(Stored dataset items)
|---|

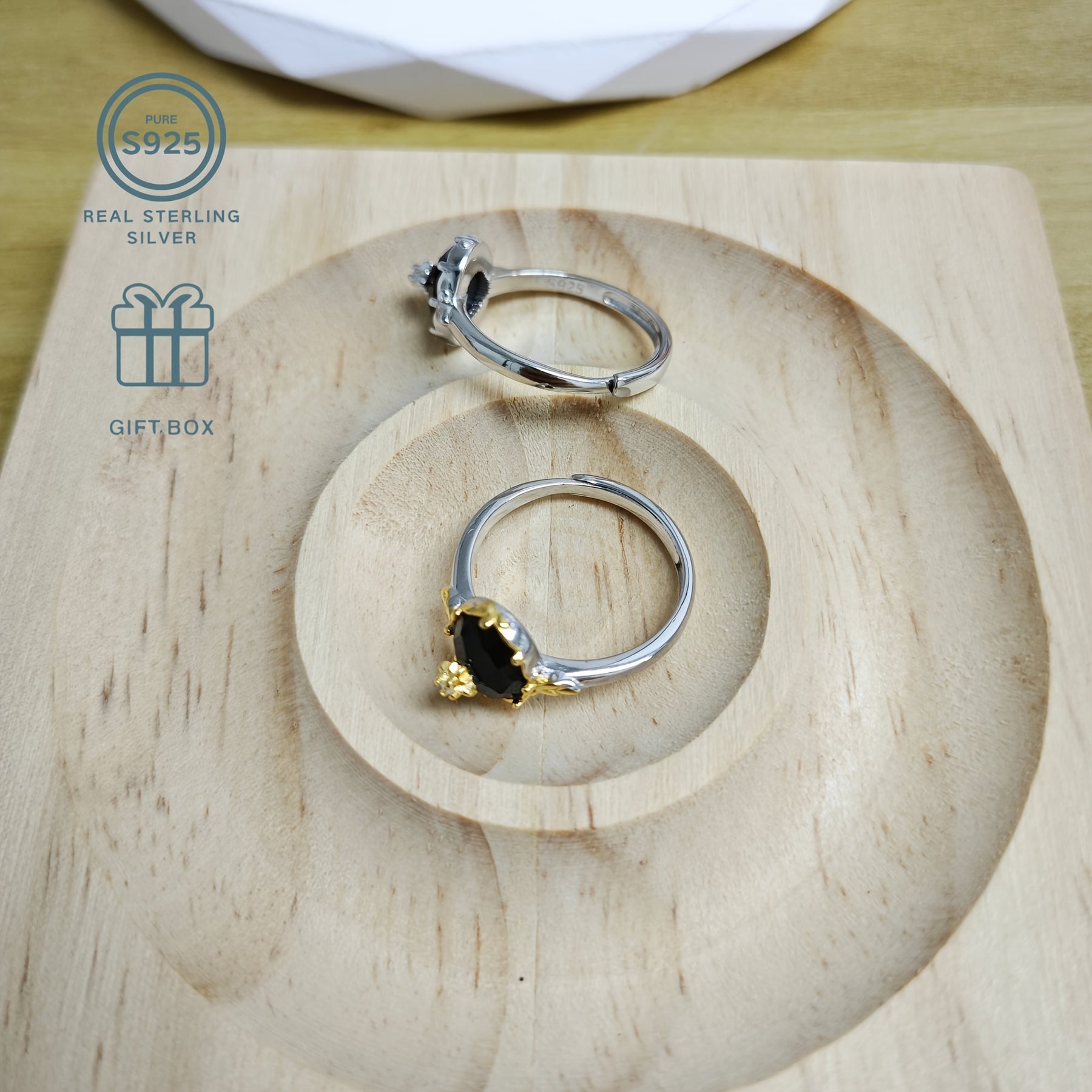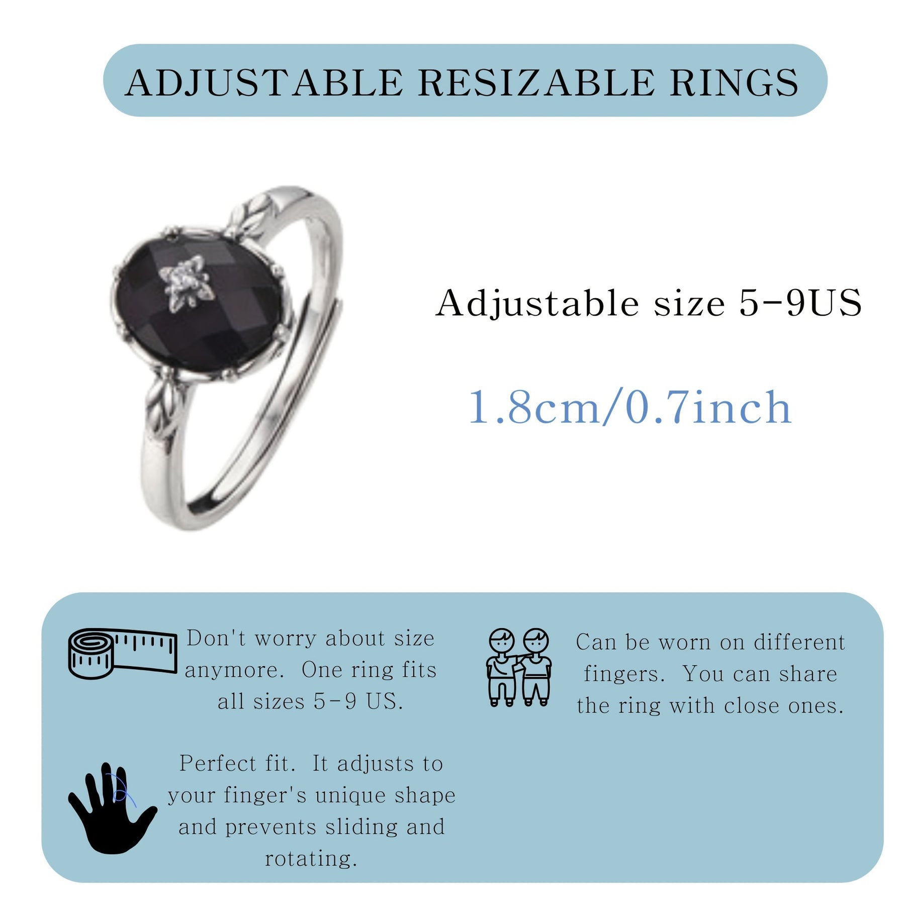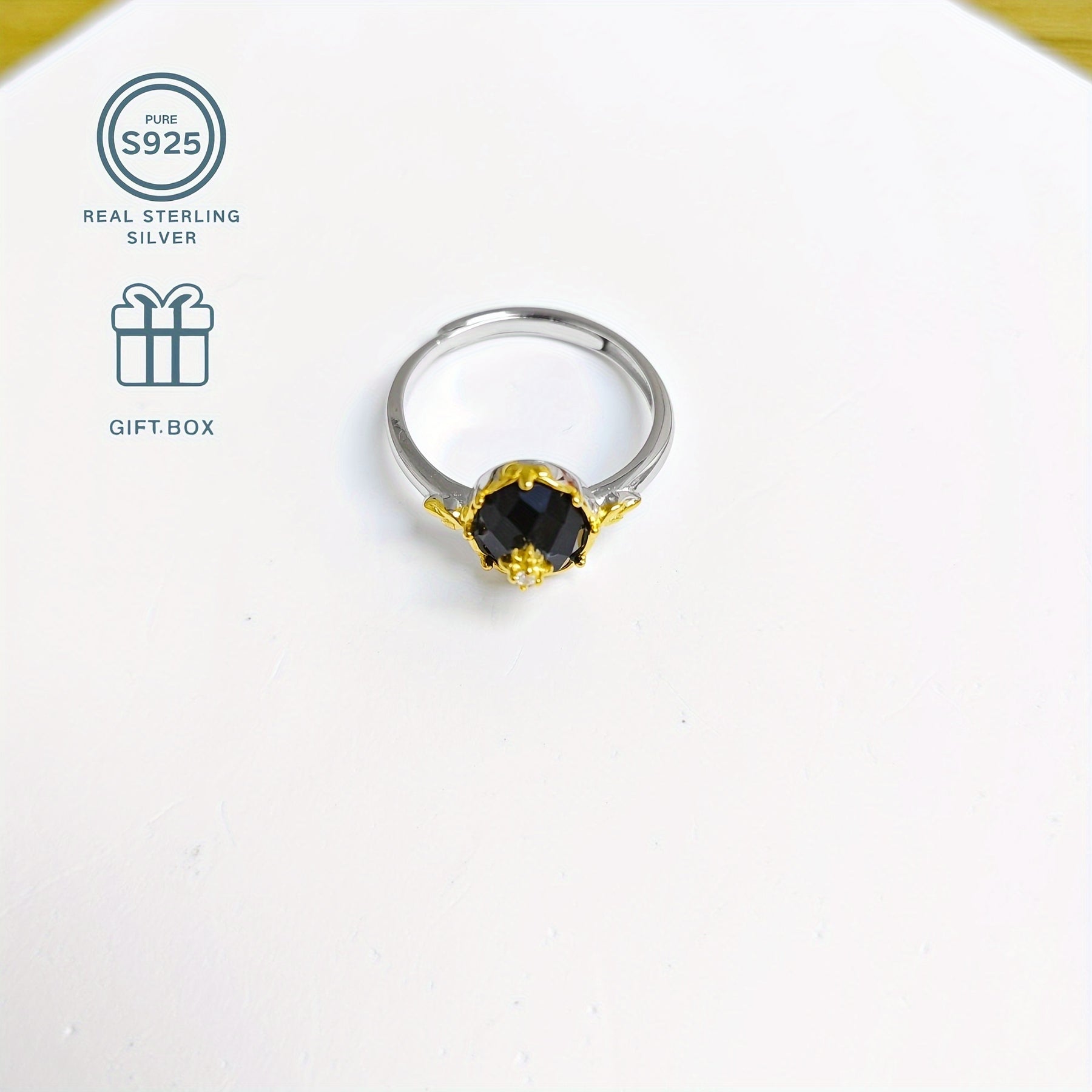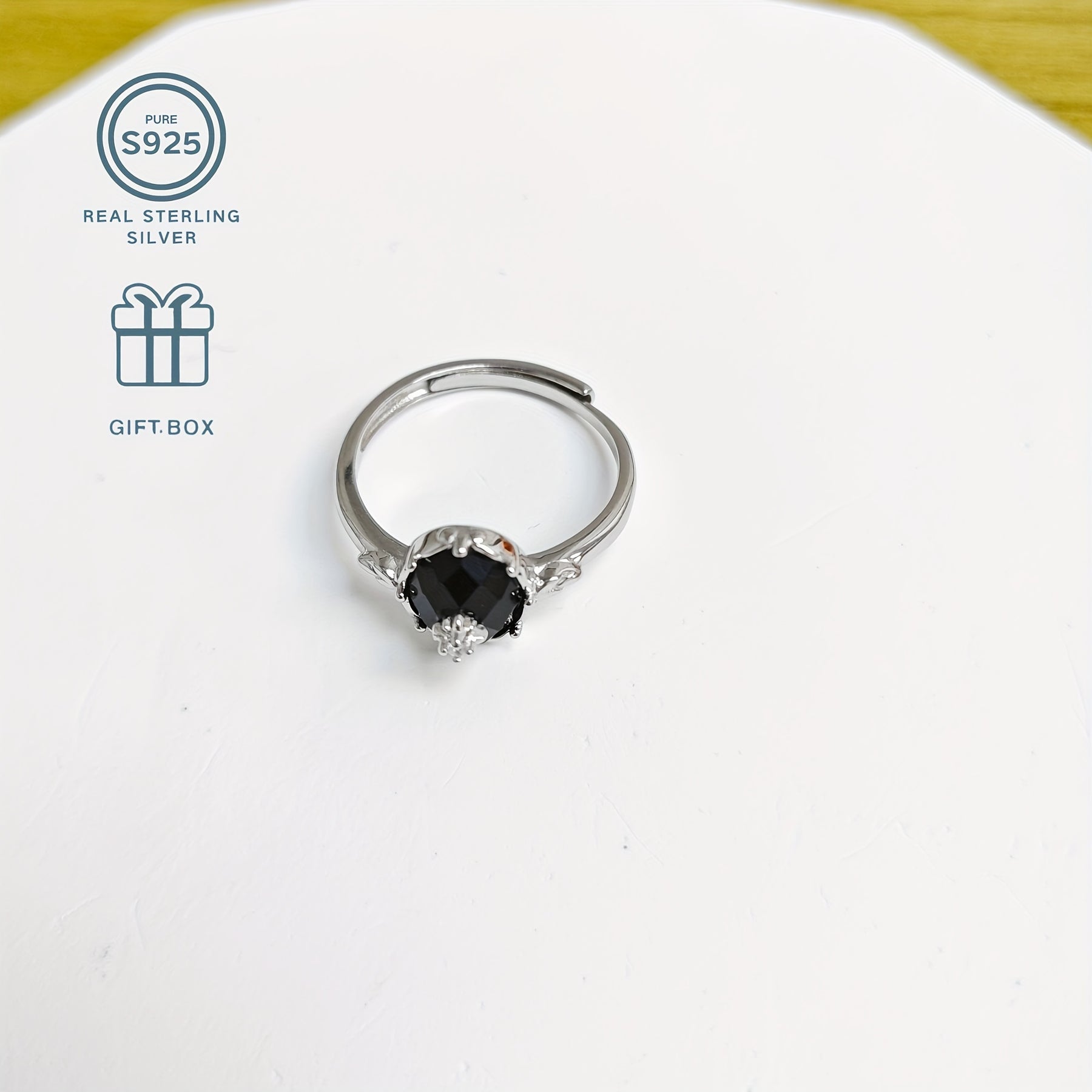 This stunning ring is made of S925 sterling silver, featuring a natural agate stone. It is hypoallergenic and perfect for daily wear or special occasions like graduation. The ring is adjustable to fit different sizes and sparkles elegantly.
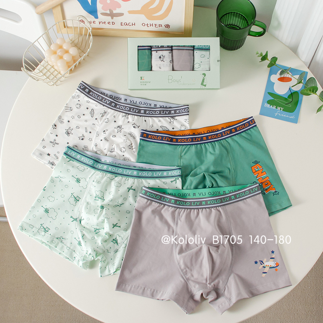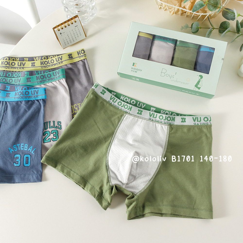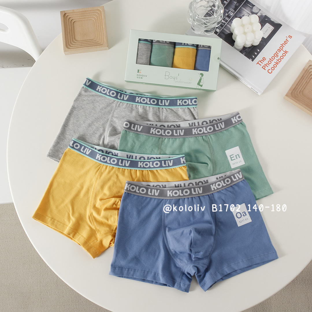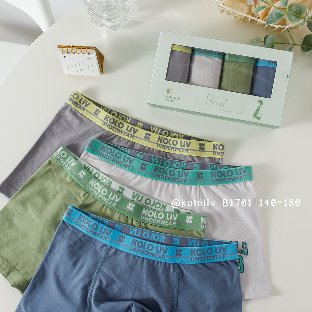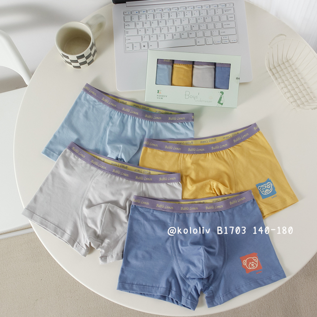 可乐梨男生内裤男童四角裤精梳棉学生纯色短裤青少年大童裤头
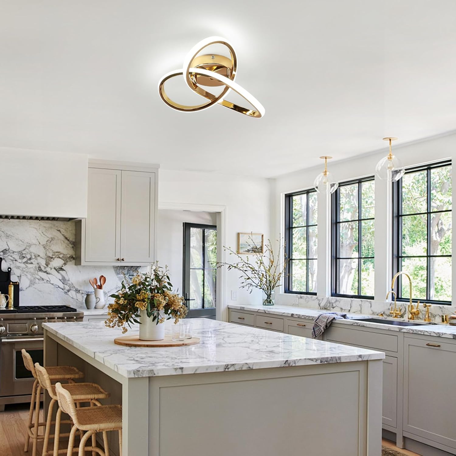 Applications: This gold LED ceiling light is elegant and modern in design. It can be perfectly combined with European, classical, modern, and other decorative styles to create a new decorative feel. Suitable for bedrooms, living rooms, kitchens, dining rooms, porches, hallways, and other places as a decorative lighting fixture.
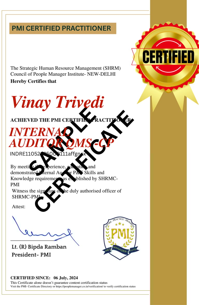 The Certification in Internal Auditor is a specialized course that equips QMS/HR Practitioner with the skills and knowledge required to manage Quality Management Audits in organizations. This Certification program focuses on effective Process management, Internal Auditing, and ensuring harmonious QMS Certification. Plan and Confidently Conduct Quality Management System Audits - Plain and Simple Language
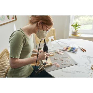 Dé Dremel allrounder met extra comfort: één gereedschap voor snijden, frezen, schuren, slijpen, graveren polijsten en reinigen op diverse materialen. De Dremel 3200 is licht en compact en gemakkelijk in gebruik zowel voor beginners als voor wat meer gevorderde klussers. Meteen bij het openen van de doos vind je alle nodige informatie om snel & makkelijk aan de slag te gaan, zelfs als beginner wat zorgt voor een geweldige unboxing ervaring! Ga direct aan de slag met de flexibele as en maar liefst 90 meegeleverde accessoires maar daarnaast is de Dremel 3200 compatibel met alle andere Dremel accessoires en hulpstukken, zodat je voor elke taak over het juiste gereedschap beschikt. De 3200 is ook vriendelijk voor het milieu: de kunststof buitenbehuizing van de tool is vervaardigd uit meer dan 65% gerecyclede materialen¿ en de milieuvriendelijke verpakking bestaat uit een volledig recyclebare doos en bevat geen polybags. Accessoires en hulpstuk meegeleverd bij deze Dremel set: 1 x Opspandoorn voor snijschijven (402) 1 x Opspandoorn voor polijstschijven (401) 1 x Draadborstel 19 mm (403) 5 x Polijstschijf 13 mm (414) 2 x Polijstschijf 26 mm (429) 1 x Polijstpasta (421) 1 x Schuurband en opspandoorn 13 mm korrelgrootte 60 (407) 2 x Schuurband 13 mm korrelgrootte 60 (408) 2 x Schuurband 13 mm korrelgrootte 120 (432) 25 x Schuurschijf korrel 180 (411) 25 x Schuurschijf korrel 240 (413) 20 x Snijschijf voor zwaar gebruik 24 mm (420) 1 x Aluminiumoxide slijpsteen 9,5 mm (932) 1 x Siliciumcarbide slijpsteen 3,2 mm (83322) 1 x Hogesnelheidsfrees (191) 1 x Boor (150) 1 x DREMEL® flexibele as (225)
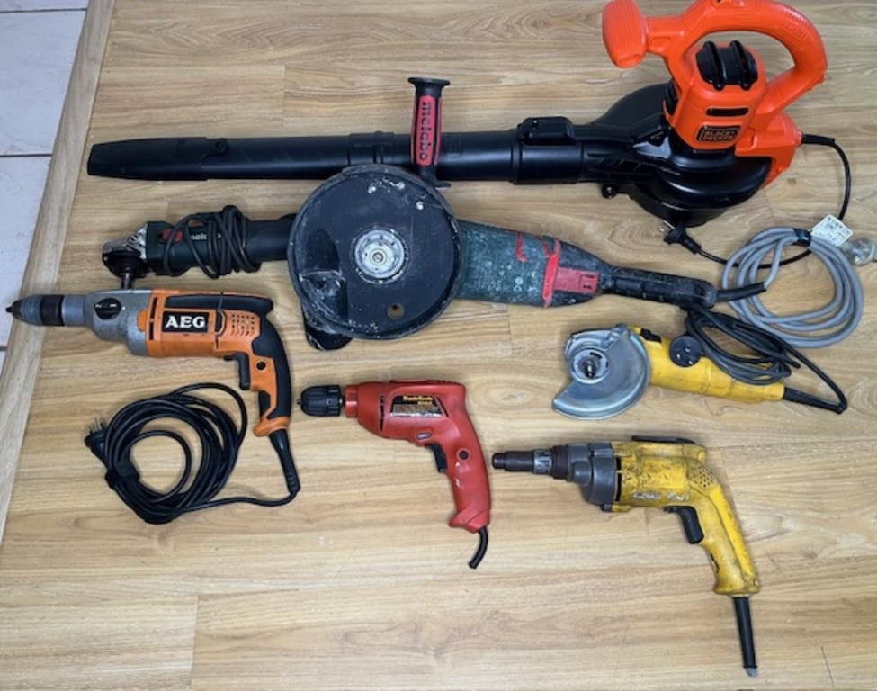 Assorted power tools. 1 x Black and Decker BEBLV230-XE blower, 1 x Metabo W850-125 angle grinder, 1 x AEG SB22-2 E hammer drill, 1 x DeWalt DWE4157-XE angle grinder, 1 x Metabo WE 24-180 MTV angle grinder, 1 x Trade Tools drill with cord cut, 1 x DeWalt drywall screwdriver with cord cut. 240V. Condition: Not working, untested, for parts or repair.
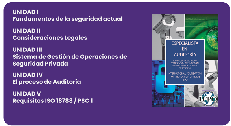 La Certificación Internacional PSA© Especialista en Auditoría de Seguridad Privada capacita a un profesional de seguridad para desempeñarse como auditor y evaluar sistemas de gestión de seguridad privada. Los titulares de la certificación PSA son Oficiales de Protección Certificados que han demostrado un compromiso profesional significativo para avanzar en roles de auditoría, inspección, supervisión o fiscalización en el ámbito de la seguridad.
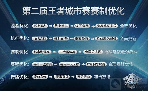 四、赛程优化:从9月3日至12月初,每一周的周六、周日“第二届王者城市赛”将前往各大城市选拔城市王者。9月底的南方大区区域赛、10月底的北方大区区域赛、11月底的华西大区区域赛,将从城市王者中选拔区域王者。而从区域赛脱颖而出的六支强队方可获得加入12月初展开的“城市赛总决赛”入场券!
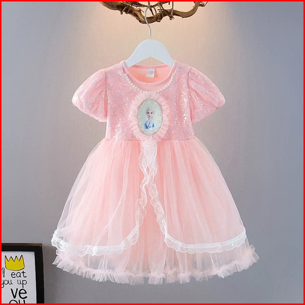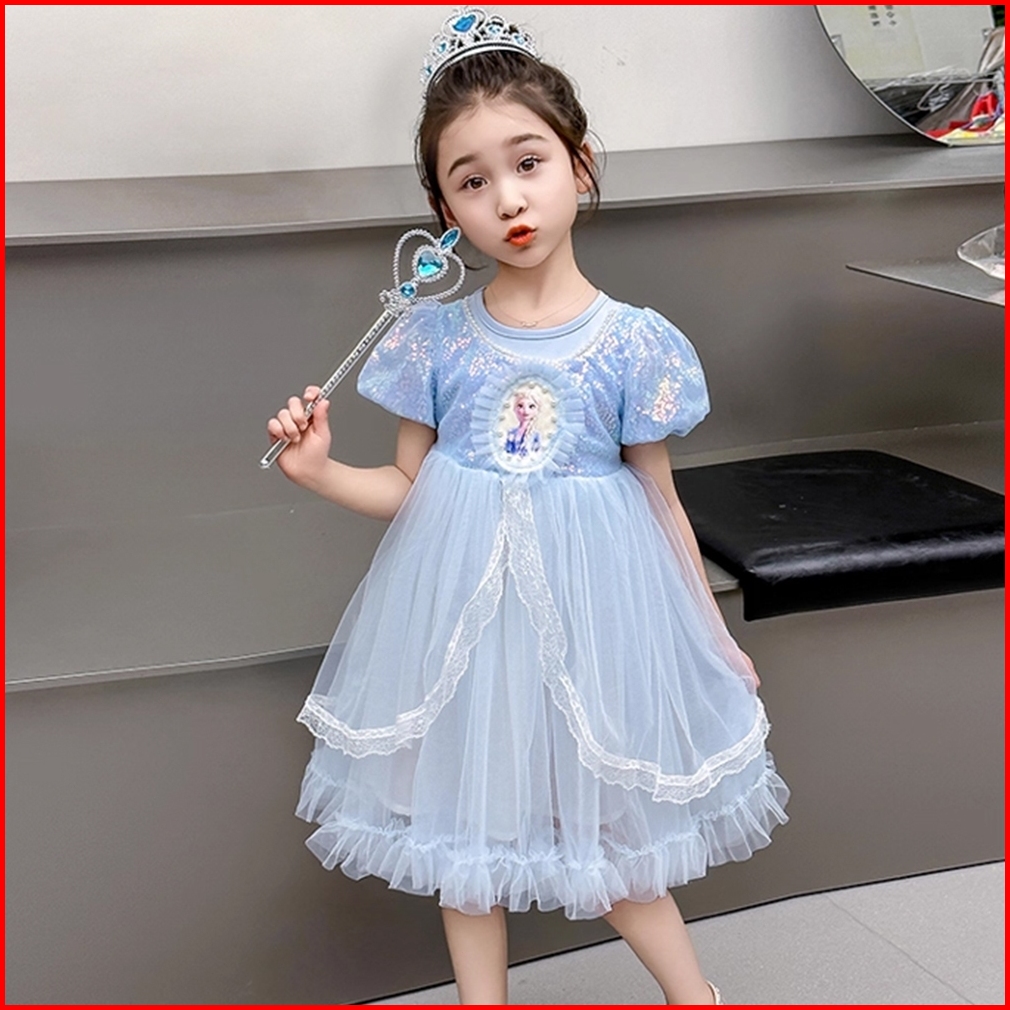 1-8 Yrs Gaun Tutu Ulang Tahun Anak Perempuan Gaun Renda Payet Berkedip Putri Frozen Elsa

|---|

EXERCISE GOAL = Transcribe exactly each line of the records from the start up to and including the one with "Applications: This gold", and leave out every picture.

TASK ANSWER =
 This stunning ring is made of S925 sterling silver, featuring a natural agate stone. It is hypoallergenic and perfect for daily wear or special occasions like graduation. The ring is adjustable to fit different sizes and sparkles elegantly.
 可乐梨男生内裤男童四角裤精梳棉学生纯色短裤青少年大童裤头
 Applications: This gold LED ceiling light is elegant and modern in design. It can be perfectly combined with European, classical, modern, and other decorative styles to create a new decorative feel. Suitable for bedrooms, living rooms, kitchens, dining rooms, porches, hallways, and other places as a decorative lighting fixture.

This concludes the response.